In areas with high transmission rates, the immune status of the horse population is maintained at a high level, and the incidence of the disease is low. The disease will, however, be inevitable in animals introduced from a non-infected region. A zone of endemic instability occurs if the number of infected ticks is insufficient. It ensures immunity in a high proportion of the animals at risk. In these circumstances, babesiosis will occur sporadically at the time of year when ticks are active. A new endemic focus is likely to be formed when an infected horse is moved into a locality with a “clean” tick population.

Pathogenesis of Babesiosis in Horses

B equi is more pathogenic than B caballi. An incubation period of 6-7 days and 10-21 days has been recorded for B caballi and B equi infections, respectively. The exact mechanism of pathogenesis in equine babesiosis is not entirely known; still, sludging of blood in capillaries of various organs is mainly responsible for pathogenesis in peracute infections.

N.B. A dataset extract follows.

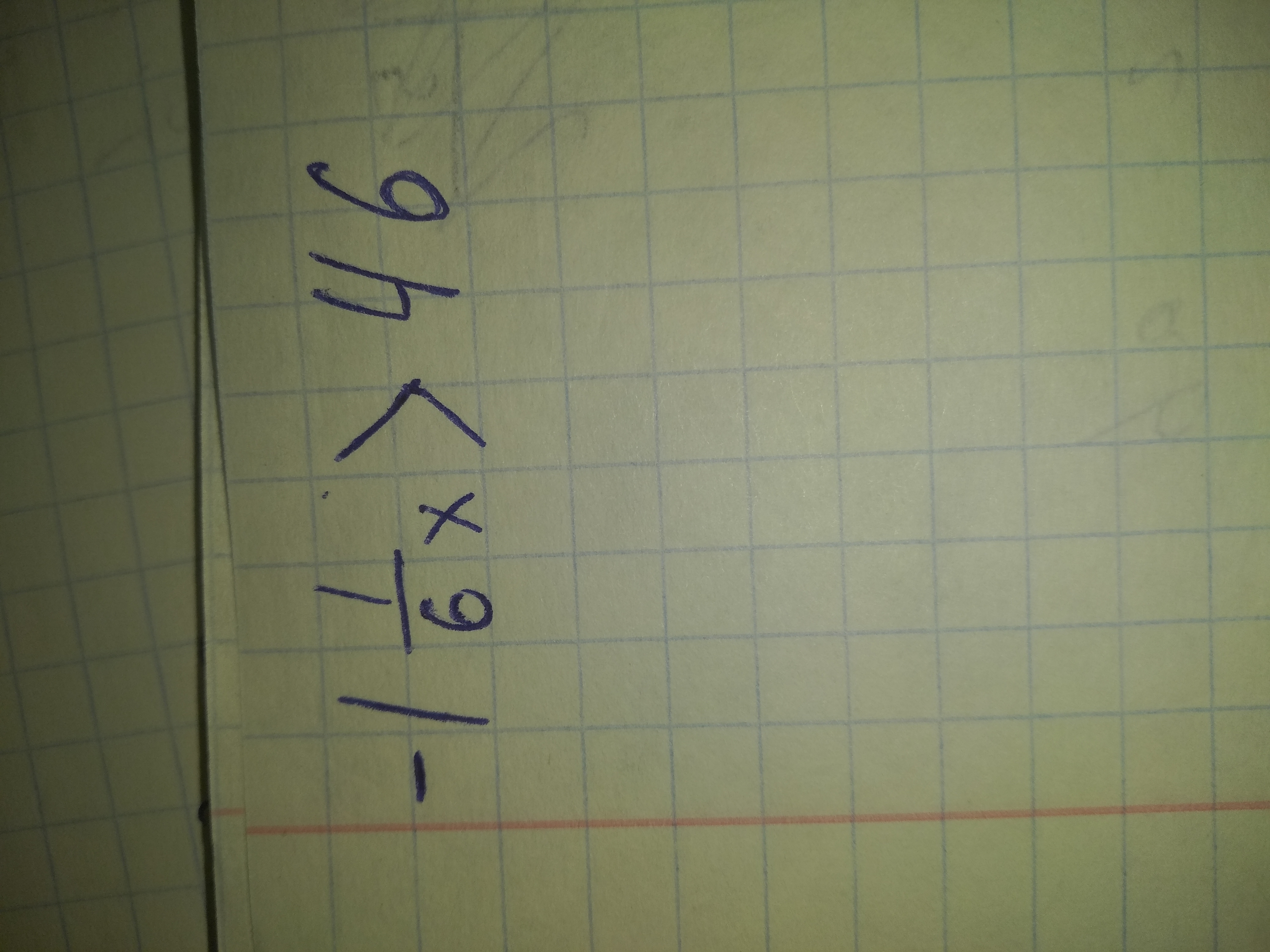 - 1 1/6 x >46 = - 7 / 6 x > 46 = 6/7 * 7/6 x < - 6/7 * 46 = 1/7 * 7x < -6/7 *46 = x< - 276/7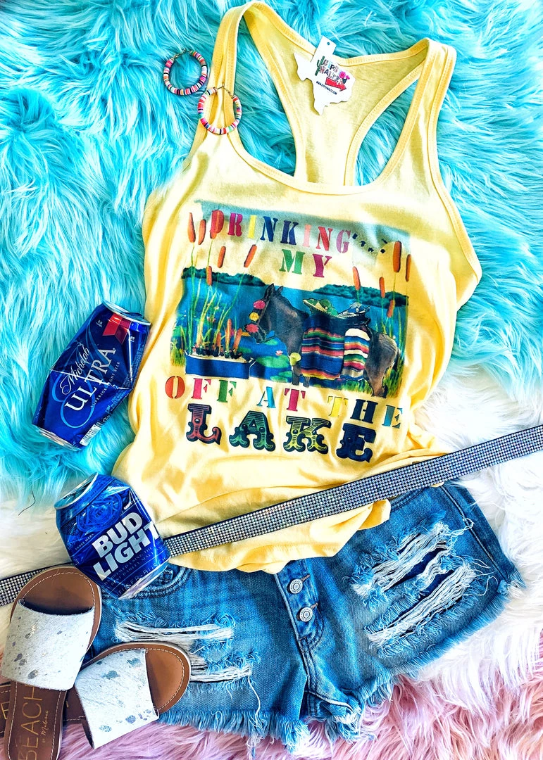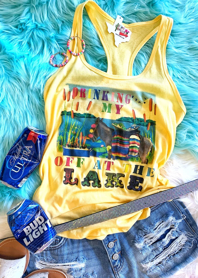 Yellow women’s fit tank top features the colorful fun quote, “Drinking My (*image of a DONKEY)(a**) Off At The Lake” and the graphic of a colorful fiesta donkey at the lake. Tank is the perfect lake day tank top to pair with denim shorts or over your swim suit.

In acute infection, there is large-scale destruction of erythrocytes resulting in anemia. In addition, intravascular hemolysis, indiscriminate phagocytosis of infected or non-infected erythrocytes by activated macrophage system also contribute to anemia in babesiosis—intravascular hemolysis results in marked hyperbilirubinemia and jaundice. There is leukocytosis with neutrophilia. 

Clinical Signs of Equine Piroplasmosis

Equine babesiosis can occur in acute, subacute, and chronic forms. The peracute form of the disease is rare in which the animals die within 24 hours of the onset of clinical signs. The significant symptoms with B caballi are:

• High fever 106°F.
• Anemia.
• Icterus or jaundice.
• Highly colored urine (hemoglobinuria).
• Gastroenteritis.
• Paralysis of hindquarters.

Hemoglobinuria is more common in infection with B equi. The animal exhibits colicy symptoms, pawing, high fever, incoordinate gait, and circling movements. 

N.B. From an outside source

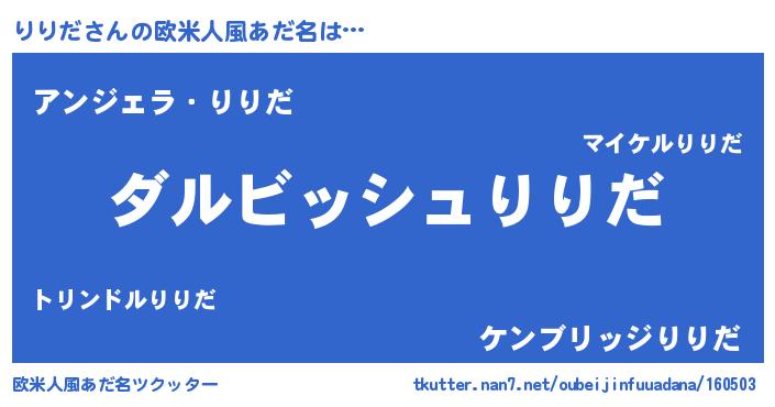 | 男性向けラノベタイトル風あだ名 | 『りりだという概念が存在しない退屈な世界 』 |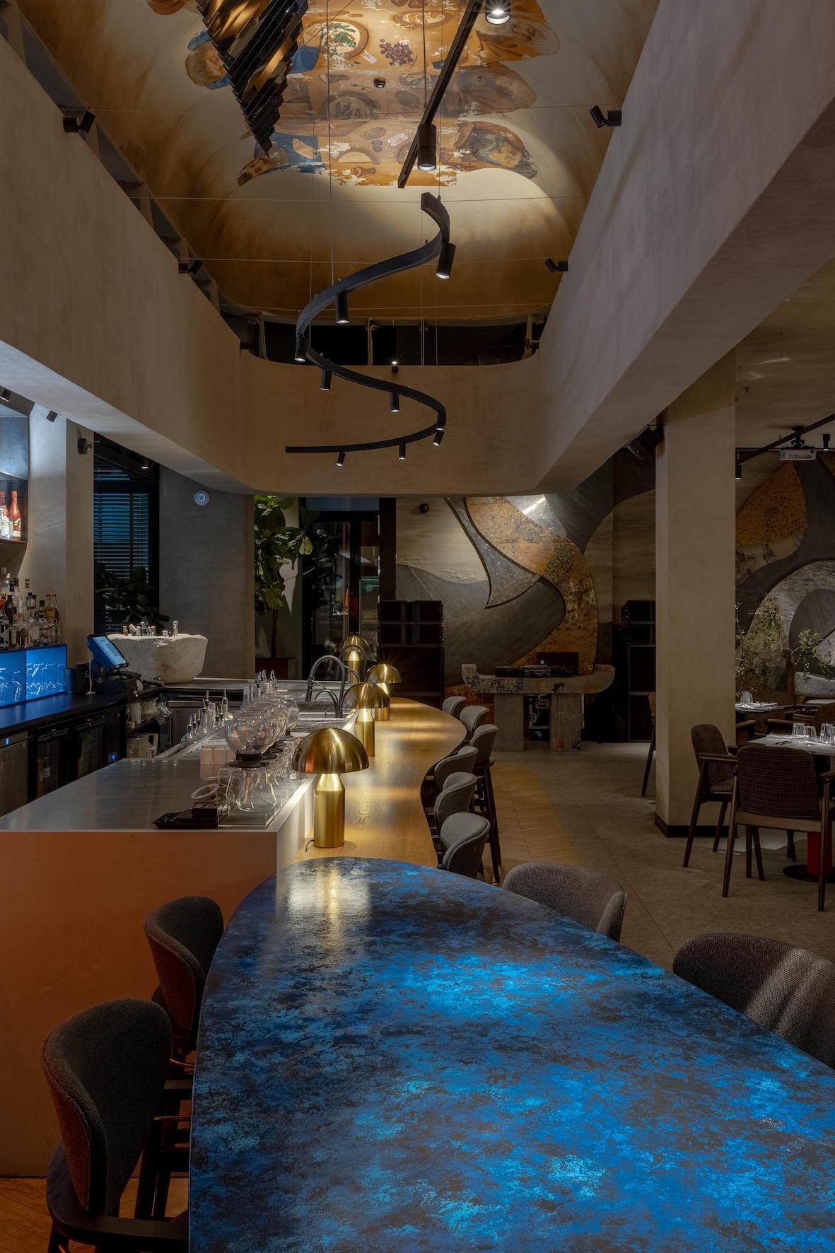 "ჭერი ხშირად ყველაზე მოკრძალებული ზედაპირია, მაგრამ მას შეუძლია სივრცის მნიშვნელოვანი დამამთავრებელი შტრიხი იყოს", - ამბობს ჰონგ-კონგელი დიზაინერი კლემენტ ჩენგი. ამ პროექტში, აბაზანაში ინდივიდუალური, ნათელი განათება კონტრასტს ქმნის ჭერის, იატაკისა და აბაზანის ნეიტრალურ ტონებთან.

• There are reports of the cerebral form of babesiosis in equines. 
• The animals show edema of dependent parts like fetlock and ventral aspects of the abdomen.
• Pathecheal hemorrhages on the mucous membranes of nostrils and nictitating membranes. 
• The animal may pass hard feces covered with yellow mucous.
• Pregnant mares may abort.

Diagnosis of Equine Babesiosis

The standard diagnostic procedures are as follows:

• Diagnosis of Babesiosis in horses is based on the history of the prevalence of ticks, clinical signs, and identification of the babesia organism in the blood smear.
• Hematological values like reduced hemoglobin and TEC and increased ESR help in diagnosis.
• There is a fall in blood platelet count and fibrinogen content in the blood. 
• Serological tests like CFT and ELISA are also applied for the diagnosis of Equine Babesiosis.
• However, more sensitive and rapid PCR methods have also been developed for detecting B equi and B caballi infection, especially when routine smears and serological tests fail to do so.

Treatment and Control Equine Piroplasmosis

The treatment strategies of Equine Babesiosis are:

• Imidocarb 2mg per kg body weight intramuscularly twice at 24 hours intervals is effective against B caballi infection.
• However, a dose of 4mg per kg body weight four times at 72 hours intervals is effective against B equi.
• Antiheilerial drug-like Buparvaquone 5-6 mg per kg bodyweight parenteral can be administered for treating B equi infection.
• Diamenazine aceturate 3.5 mg per kg body weight injected deep intramuscularly can eliminate B caballi infection.

Concluding Remarks on Equine Piroplasmosis

Piroplasmosis is a global problem in the equine population. The disease is spread and transmitted by tick vectors. The control of the ticks population is the primary strategy to control this in horses. Ticks control can be achieved by destroying tick vectors using acaricidal drugs. Iatrogenic transfer of infected blood using contaminated needles and surgical instruments should be avoided. Strict quarantine measures must be maintained in the horse stables.